**Your goal**
Up to and including the line that contains "Reinigingsborstel – Elektrische", repeat the entries below exactly from the first line on. Do not carry over any pictures.

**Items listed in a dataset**
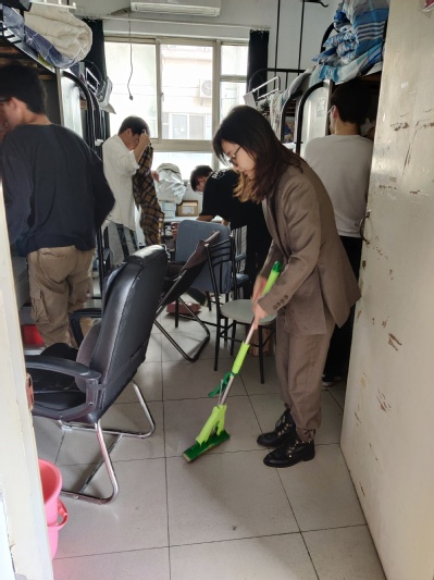 打扫过程持续近一个小时。在与学生一起打扫的过程中,丁琛书记了解了学生们的日常生活,告诫大家一个好的宿舍卫生环境是宿舍良好学习氛围的基础,叮嘱学生要把宿舍卫生清洁作为日常的小任务。辅导员们表示,如果大家对于宿舍建设有任何意见或者建议都可以提出来,学院会争取予以解决。
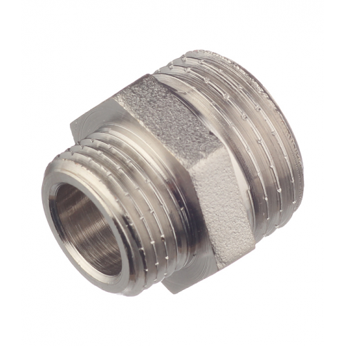 Предназначен для соединения элементов трубопровода разного диаметра. Выполнен из латуни CW617N (евростандарт EN12165) горячим штампованием с последующим никелированием. Резьба обоих патрубков – наружная (тип – цилиндрическая трубная, ГОСТ 6357, ISO 228, EN10226). Насечки на резьбе способствуют удержанию герметизирующего материала (например, сантехнического льна). Наличие шестигранного (под гаечный ключ) участка корпуса облегчает монтаж соединения. Имеет один выход с наружной резьбой 1/2" (16 мм) и другой с наружной резьбой 3/8" (10 мм).
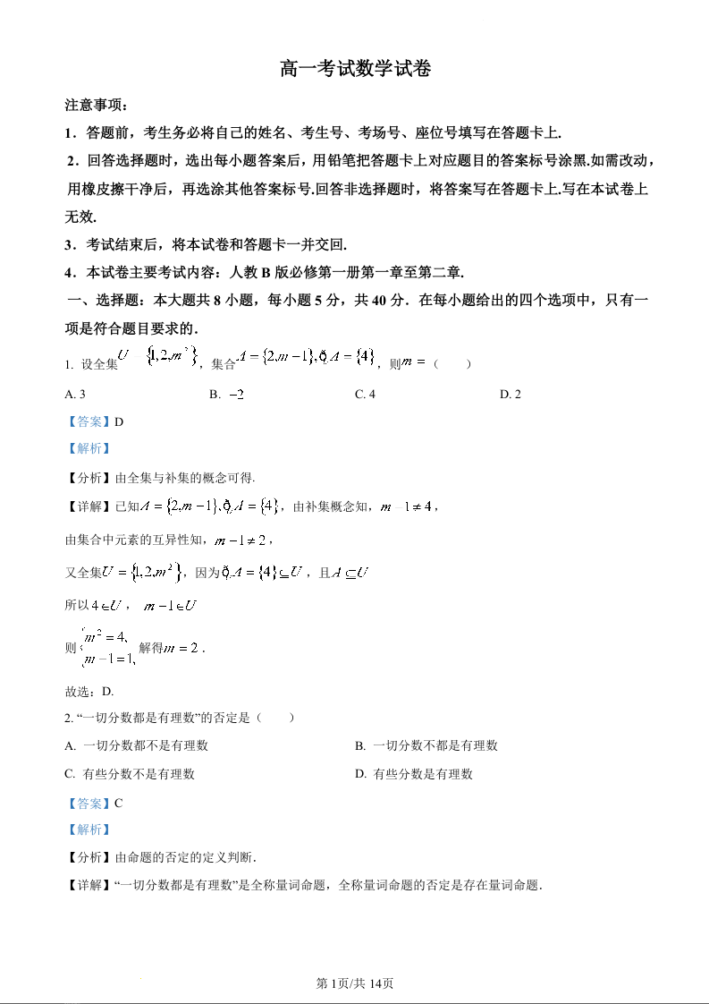 辽宁省县级重点高中联合体2023-2024学年高一上学期10月联考数学(精品解析版)
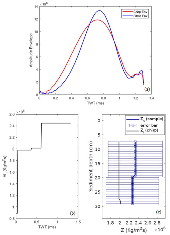 (a) Measured CHIRP sonar envelope (red) vs. fitted synthetic envelope (blue) for S1. (b) Final acoustic impedance model used to produce the fitted envelope as a function of two-way time and (c) deduced acoustic impedance from CHIRP Zi (black line) and acoustic impedance measured from sediment properties Zs (blue line with errors bars) with sediment depth.
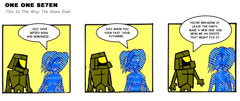 On April 30, 2003, Stuntmutt began turning in episodes of a new comic known as One One Se7en. We'll present them here, in the order in which they were submitted, as they come in. New submissions were added Monday, Wednesday, and Friday. On March 3, 2008, One One Se7en was retired from regular releases - Stunt's life got a tad too busy for 3 strips per week. (He still comes by with new content when the situation arises, however.)
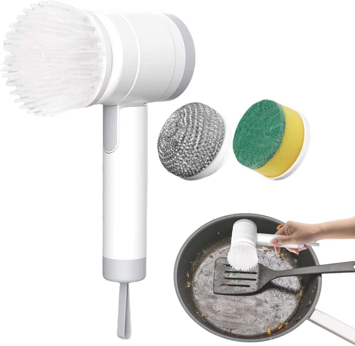 Reinigingsborstel – Elektrische Schrobber – Draadloze Keukenreiniger met Type – C Oplaadbare Batterij – Voor Keuken, Badkamer & Huishoudelijke Reiniging – 1200 mAh – Inclusief Nylon Borstel & Schuurspons – Wit
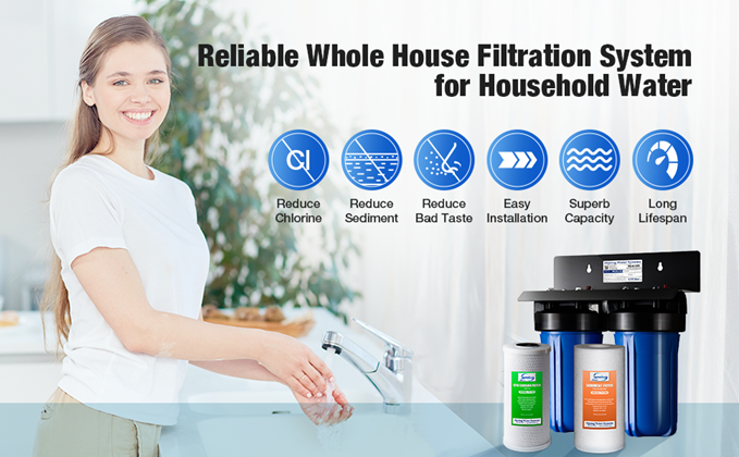 [Two-Stage Effective Filtration] The whole house water filter has 1st-Stage premium 5-micron polypropylene sediment filter (FP15B) captures dirt, sand, silt, dust, rust, and scale particles, using high quality coconut shell carbon and highly compact fabrication tech, 2nd-stage CTO filter(FC15B) knocks out cloudiness as well as bad tastes and odors, removes over 90% of chlorine, and is highly effective on VOCs like pesticides, herbicides, and industrial solvents.
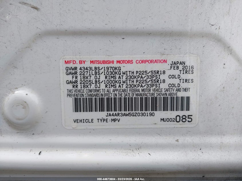 • JA4AR3AW5GZ030190
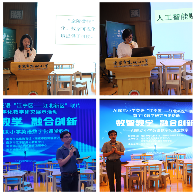 为主动应对人工智能对教育形态的重塑,深入推动AI与英语课程教学的深度融合,一场以“AI辅助小学英语数字化课堂”为主题的跨区域联合教学研讨于2025年9月29日在南京市东山小学顺利举行。本次活动汇聚了江宁区与江北新区的教研员专家和优秀教师的教学成果,紧扣国家新课标要求,依托“金陵微校”平台的技术优势,旨在通过跨区联片的新型教研机制,探索小学数字英语课堂与人工智能的创新结合点,为教师教学方式变革与数字素养提升注入新动能。
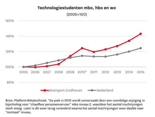 Ook bij de studenten liggen de aantallen ver boven het landelijk gemiddelde. Ten opzichte van 2005 is het aantal technologiestudenten op nationaal niveau in 2015 met 24,4 procent toegenomen tegenover 43 procent regionaal.
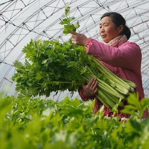 1月19日,唐山市豐潤區任各莊鎮的農民在大棚內采收芹菜。
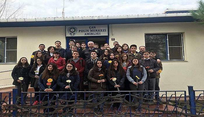 İlçe Emniyet Müdürü Hüseyin Uğurelli’yi makamında ziyaret ederek bir buket çiçek veren Fen lisesi Müdürü Murat Karagöz ve öğrenciler, daha sonra ilçede görev yapan polis memurlarına karanfil dağıttı.
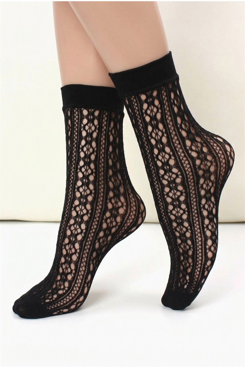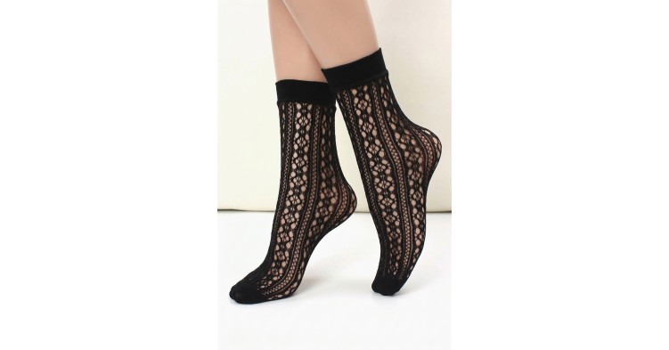 Элегантные полупрозрачные носочки выше щиколотки с выразительным ажурным рисунком в вертикальные дорожки. Лёгкие, эластичные и дышащие — подчёркивают щиколотку и добавляют образу акцент. Носите с платьями, юбками и укороченными брюками. Чёрный ажур эффектно смотрится с контрастной светлой обувью и денимом, добавляя образу легкости и графичности.
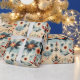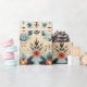 Südwestliche Verpackungspapier in Wüste Blues und Terrakotta, hervorgehoben durch Stammesfedern und Motiven.
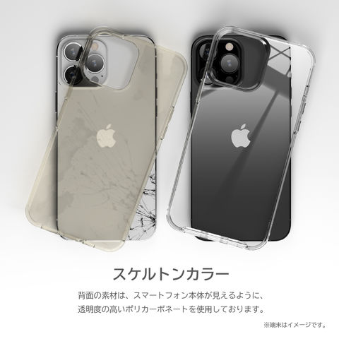 背面の素材は、スマートフォン本体が見えるように、透明度の高いポリカーボネートを使用しております。
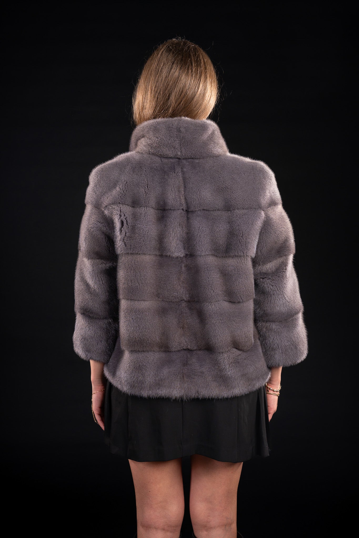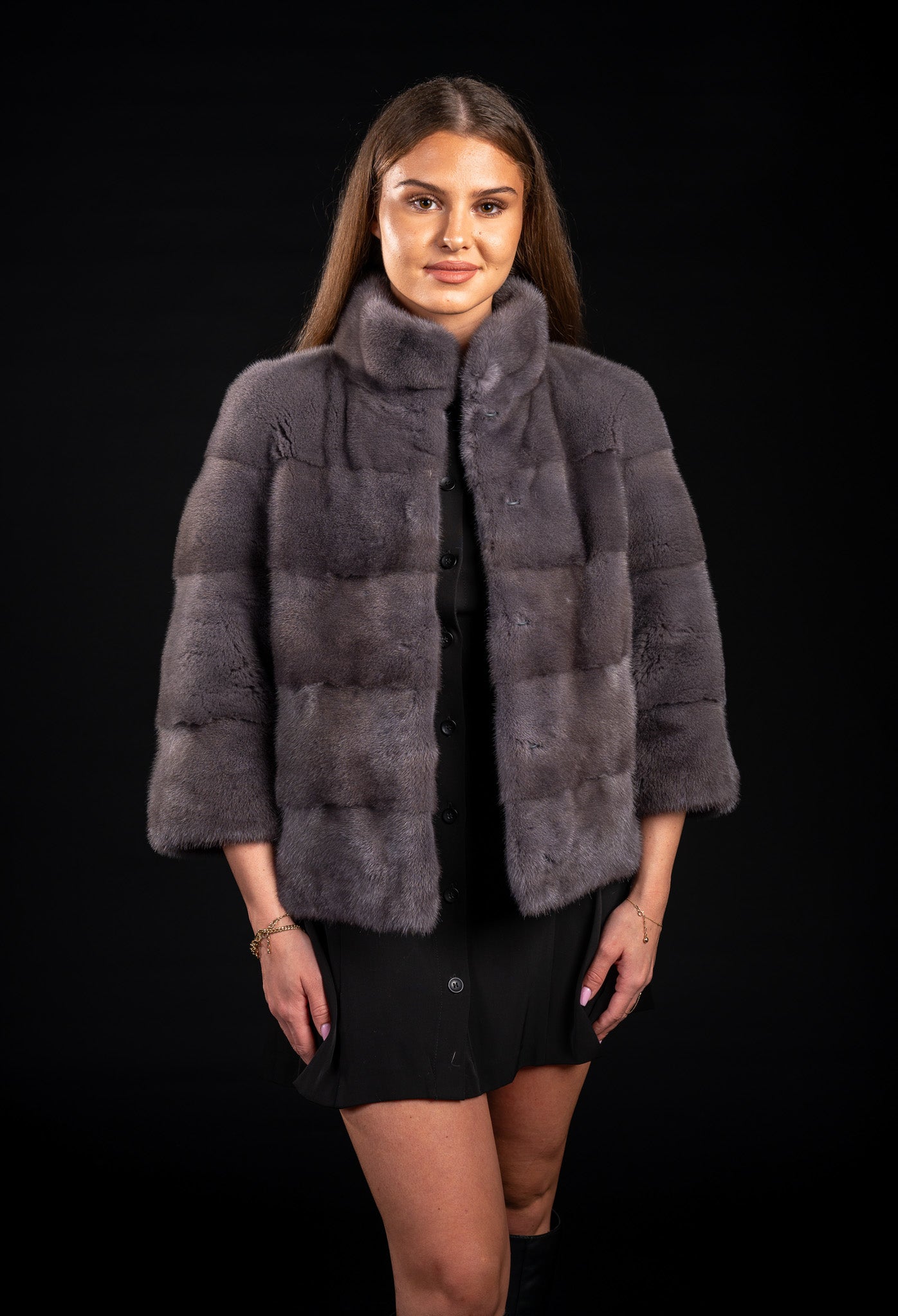 Descoperă rafinamentul absolut cu această haină din blană naturală de vizon, într-o nuanță elegantă de gri antracit. Fiecare detaliu al acestei piese a fost gândit pentru a oferi nu doar căldură, ci și un look sofisticat și contemporan. Textura fină și catifelată a blănii naturale emană lux și rafinament, în timp ce densitatea firelor asigură un confort termic excepțional, chiar și în cele mai reci zile.
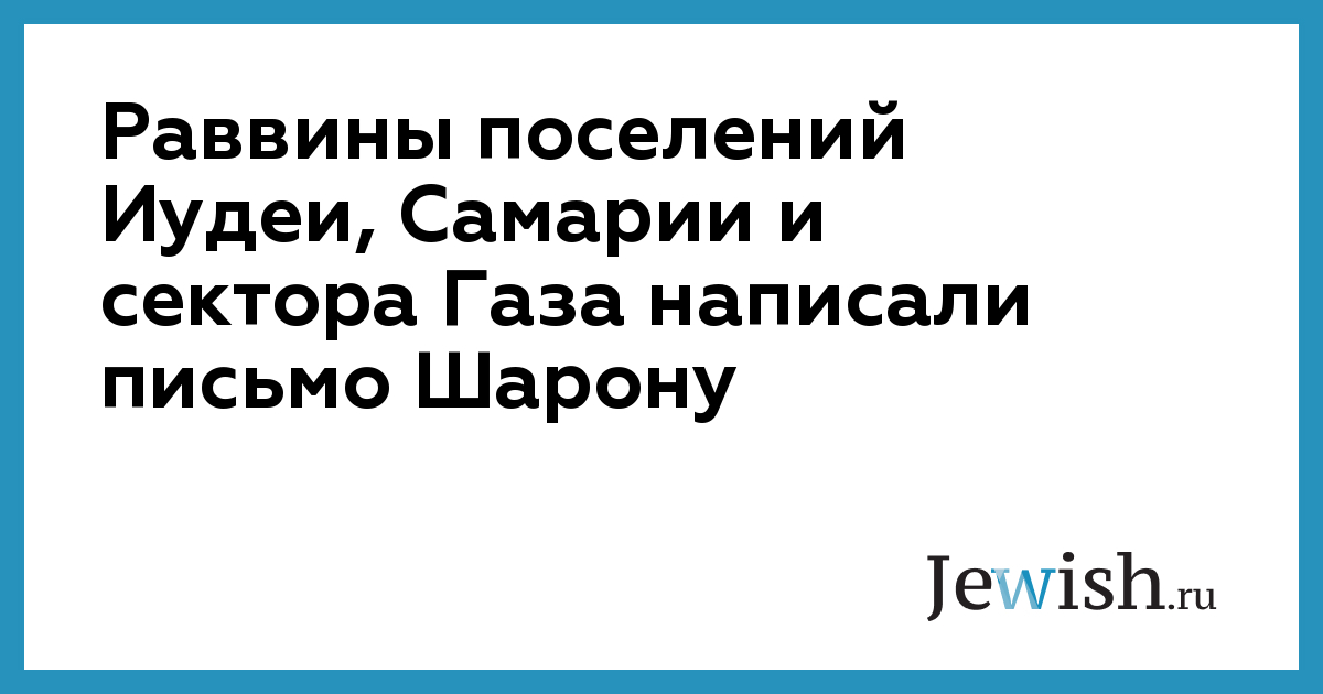 Раввины поселений Иудеи, Самарии и сектора Газа написали письмо Шарону
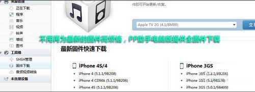 PP助手電腦版集成了IOS所有產品的最新固件,在這裡可以輕松下載到最新的固件,無需再到處百度尋找新的固件,無需再為了沒找到固件而煩惱,讓你輕松刷機沒煩惱。
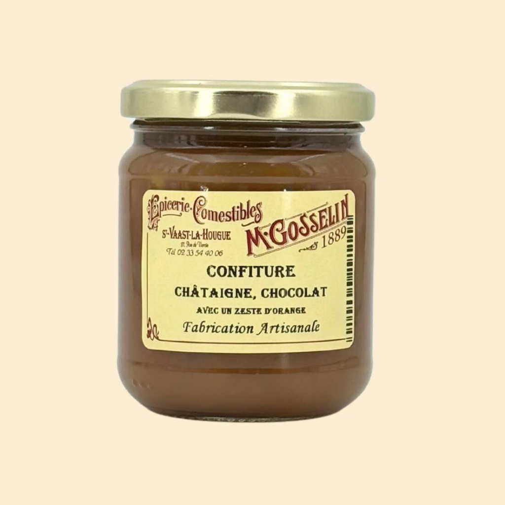 Ingrédients : châtaigne 42%, sucre de canne, sirop de glucose-fructose, chocolat 5% (70% cacao, sucre, beurre de cacao, émulsifiant : lécithine de soja, vanille naturelle), oranges 8%, gélifiant : pectine de fruit.
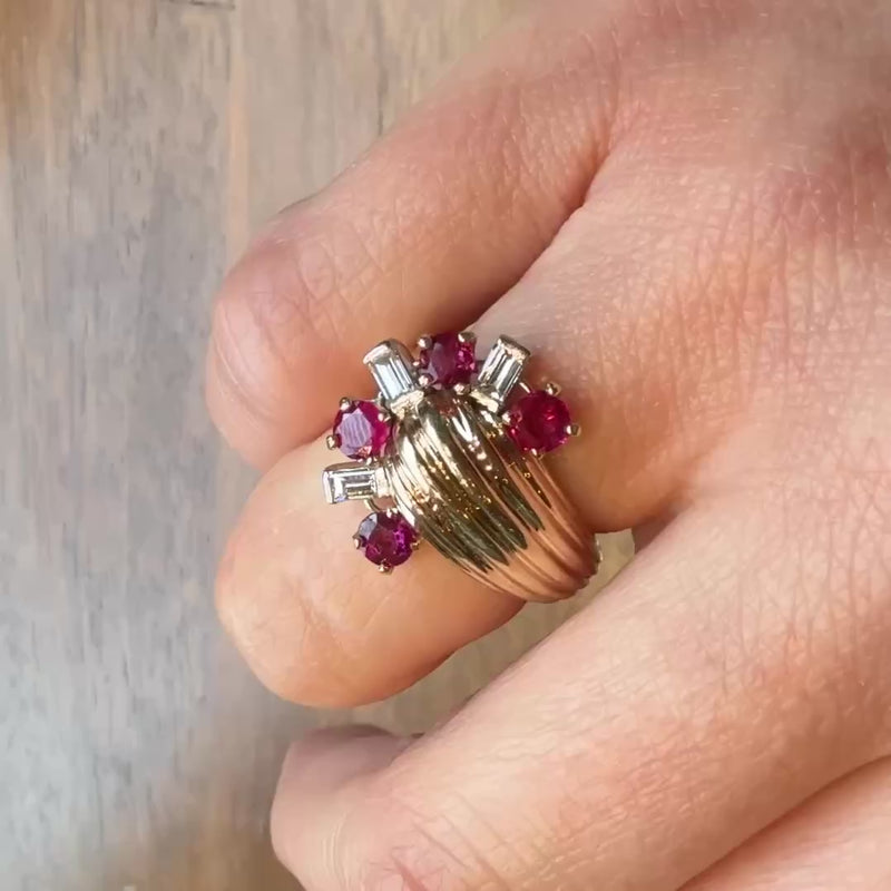 This is a truly beautiful example of Retro jewelry. This ring has the classic combination of delicious red rubies and brilliantly white diamonds set in a fan across the side. Starting under the gems a grooved gold band sweeps around to the front growing wider and ending in a voluptuous dome with the fan of gems. 14k yellow gold and Platinum. Circa 1940.
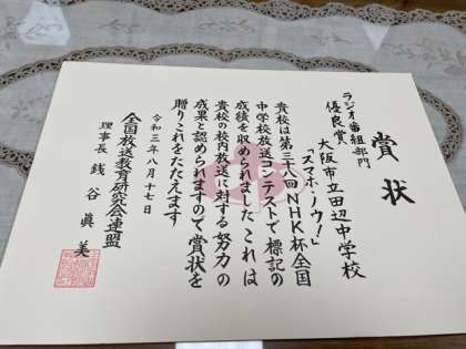 放送部の全国中学校放送コンテスト「優良賞」の表彰を行いました。
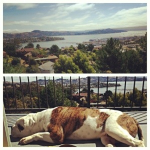 During the day, the view takes it to another level entirely – spectacular. I’ve never seen a sky so blue, nary a cloud littering its canvas. The trees are the greenest of greens, majestic. The sun warmly shines its colours on us bringing out our best. The boats are now out, sailing the bay. During the weekends, the 101 is bumper-to-bumper traffic, the Marin County citizens searching for the nearest hiking trail or dog park, of which both are plentiful. Though I sit atop the hills, behind me are still more rising up above me, hills with trails everywhere that Taylor and I frequent. Among them, one leads to the Golden Gate Bridge. That one is longer, and neither of us have made it that far; which gives us something for which to look forward.
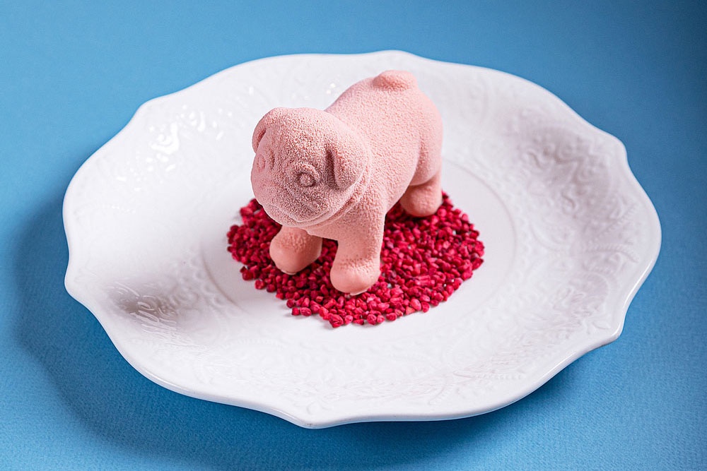 Фирменный десерт в виде символа заведения - мопса - уже несколько лет занимает лидирующие позиции в рейтинге лучших десертов столицы. Его первую версию (с начинкой из бананового мусса, клубничного лимонада и миндального бисквита) некоторые считали "банальной" с точки зрения вкуса. В версии десерта "Buro TSUM-2025" компанию миндальному бисквиту под шоколадным велюром составляют мусс юдзу и лимонад клубники и базилика. Никаких поводов для критики, сплошное наслаждение. Любовь к собакам не зависит от времени года.
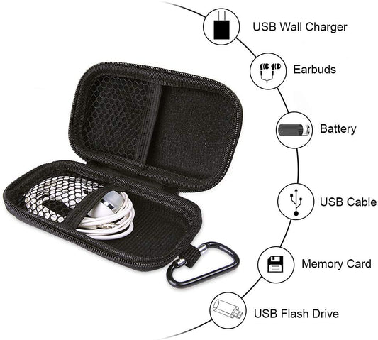 Tragbare harte EVA-Hülle, schützende Hartschalen-Reisetasche von Hootek mit doppeltem Reißverschluss und Metallkarabiner für MP3-Player, USB-Kabel, Kopfhörer, Speicherkarten, U-Disk, Objektivfilter, Schlüssel, Münzen

**The completed task**
 打扫过程持续近一个小时。在与学生一起打扫的过程中,丁琛书记了解了学生们的日常生活,告诫大家一个好的宿舍卫生环境是宿舍良好学习氛围的基础,叮嘱学生要把宿舍卫生清洁作为日常的小任务。辅导员们表示,如果大家对于宿舍建设有任何意见或者建议都可以提出来,学院会争取予以解决。
 Предназначен для соединения элементов трубопровода разного диаметра. Выполнен из латуни CW617N (евростандарт EN12165) горячим штампованием с последующим никелированием. Резьба обоих патрубков – наружная (тип – цилиндрическая трубная, ГОСТ 6357, ISO 228, EN10226). Насечки на резьбе способствуют удержанию герметизирующего материала (например, сантехнического льна). Наличие шестигранного (под гаечный ключ) участка корпуса облегчает монтаж соединения. Имеет один выход с наружной резьбой 1/2" (16 мм) и другой с наружной резьбой 3/8" (10 мм).
 辽宁省县级重点高中联合体2023-2024学年高一上学期10月联考数学(精品解析版)
 (a) Measured CHIRP sonar envelope (red) vs. fitted synthetic envelope (blue) for S1. (b) Final acoustic impedance model used to produce the fitted envelope as a function of two-way time and (c) deduced acoustic impedance from CHIRP Zi (black line) and acoustic impedance measured from sediment properties Zs (blue line with errors bars) with sediment depth.
 On April 30, 2003, Stuntmutt began turning in episodes of a new comic known as One One Se7en. We'll present them here, in the order in which they were submitted, as they come in. New submissions were added Monday, Wednesday, and Friday. On March 3, 2008, One One Se7en was retired from regular releases - Stunt's life got a tad too busy for 3 strips per week. (He still comes by with new content when the situation arises, however.)
 Reinigingsborstel – Elektrische Schrobber – Draadloze Keukenreiniger met Type – C Oplaadbare Batterij – Voor Keuken, Badkamer & Huishoudelijke Reiniging – 1200 mAh – Inclusief Nylon Borstel & Schuurspons – Wit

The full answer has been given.